On the other hand, ANTI-Conceptualism has been huge for decades. it's just like Communism, which in America has never been much more than an impoverished cult, even in the thirties. But anti-communism has been a huge multi-million dollar business for over a hundred years. It's easy as pie to be an anti-conceptualist. You don't even have to know what it is that you're so opposed to. You can just talk about beauty as if there are other people who are big in the art world and don't care about beauty at all, which is total nonsense. Everyone loves beauty. Joseph Kosuth, who invented conceptualism (just ask him) is as big a fan of beauty as anyone breathing. Enough on the past. Enough.
--melvil
(To reply, click here.)
I'm with you and with Hughes on this one. Most Conceptual Art leaves me cold. "Not the idea, but the thing itself" wrote William Carlos Williams, and it was never more true than in the visual arts. Humans are visual creatures, blessed with a wonderful instrument for observation, able to see in astonishing depth, detail and color, and Hughes values artwork that rewards our primary physical sense.

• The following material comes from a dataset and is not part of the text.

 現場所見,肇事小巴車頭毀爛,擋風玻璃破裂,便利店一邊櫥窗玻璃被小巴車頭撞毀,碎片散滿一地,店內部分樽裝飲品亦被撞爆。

Whether it is abstract or representational, art should be interesting to look at. One would think that such a conceit would be self-evident, but the rise of Conceptualism has overturned this bit of common sense. Conceptual art is like conceptual music, which may have its own internal logic that can be appreciated intellectually but nevertheless usually sounds awful. Certainly, Conceptual art can be good, but only so long as it is visually strong as well.

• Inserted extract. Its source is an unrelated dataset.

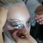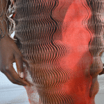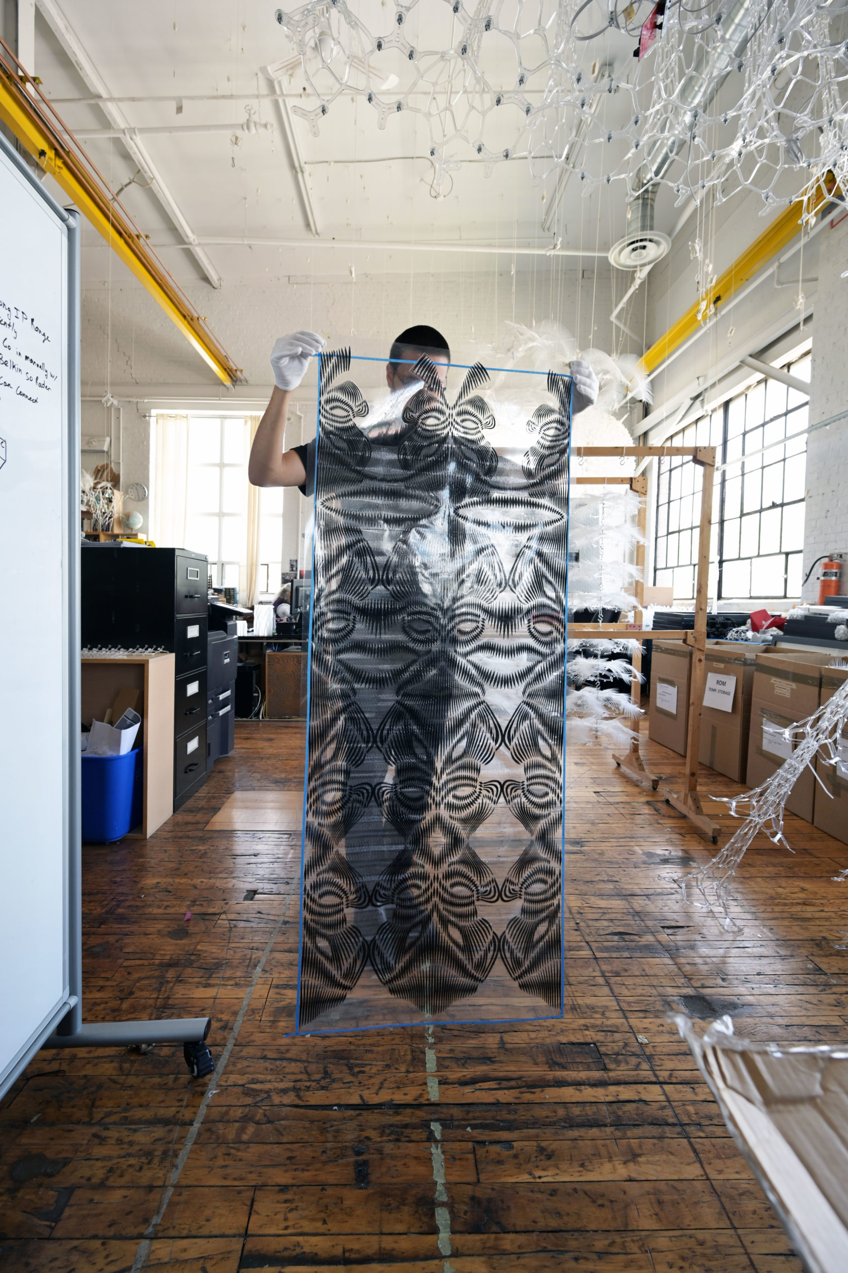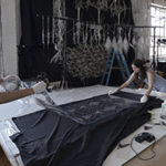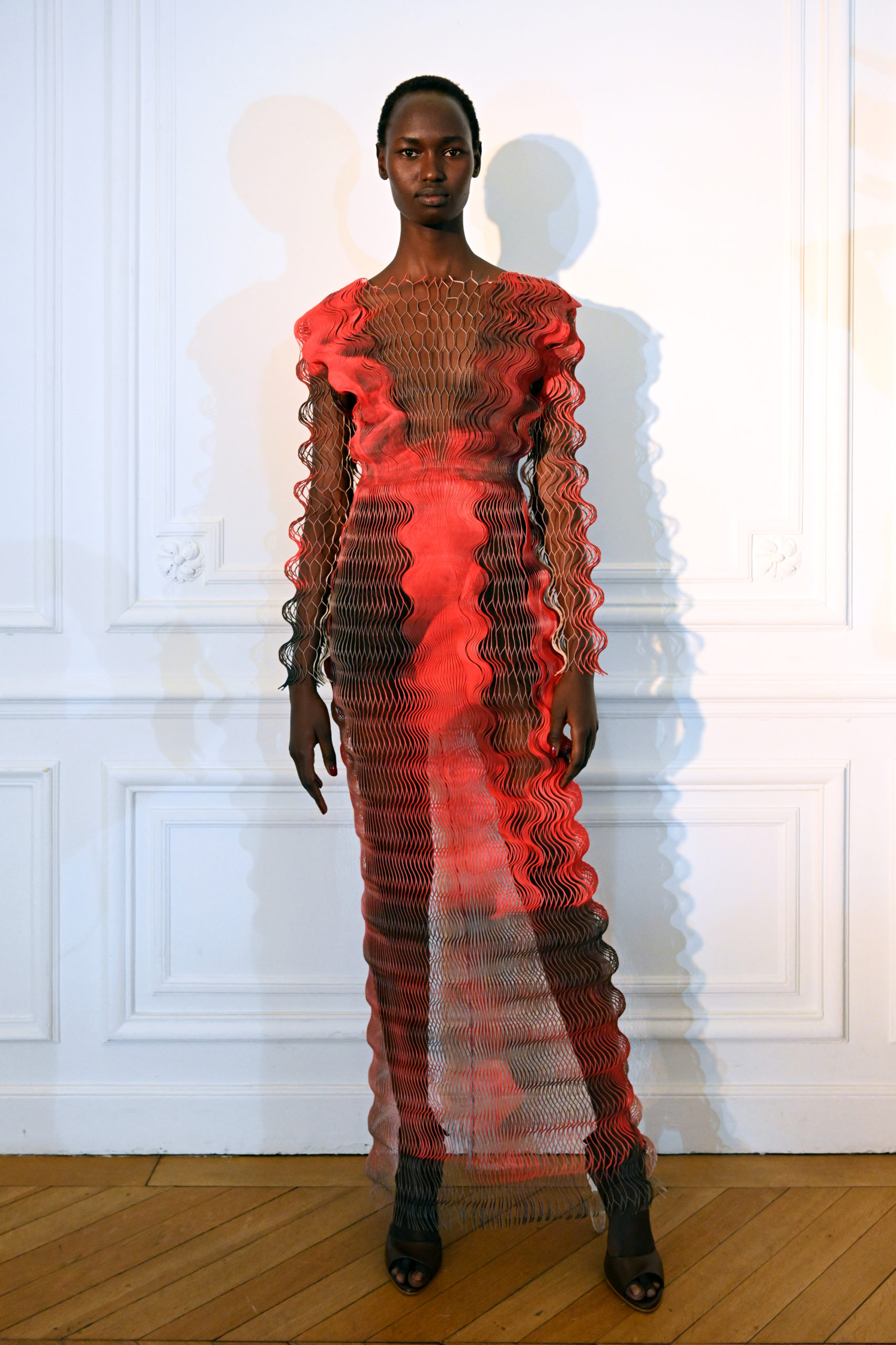 Iris van Herpen and Philip Beesley collaborated in the development of the material Glitch, which debuted in Iris van Herpen’s Spring 2019 collection Shift Souls. The material made another appearance in the Fall 2019 collection Hypnosis. Glitch is made by laser-cutting Mylar into computer-generated wave patterns, creating a rippling effect when draped on a body and oscillating as the wearer moves. The Shift Souls collection was inspired by early examples of celestial cartography and its representations of mythological and astrological chimera.

That Conceptual Art has generated so much critical ink over the years is because it is easier to write about an artwork that comes with its own built-in philosophy. On the other hand, to be able to explain a visual performance using only words requires a writer of unusual dexterity, especially if one is determined to avoid the worn-out old art jargon that makes most art criticism unreadable. Hughes is one of the very few people who can make a painting come alive on the page. Far from dismissing 20th century art, Hughes book "The Shock of the New" is the best survey I know of that tumultuous era. That Hughes is also willing to point out when the Emperor has no clothes is simply a bonus. Ms. Fineman may think that this is provincial, but I prefer to use the term discriminating instead.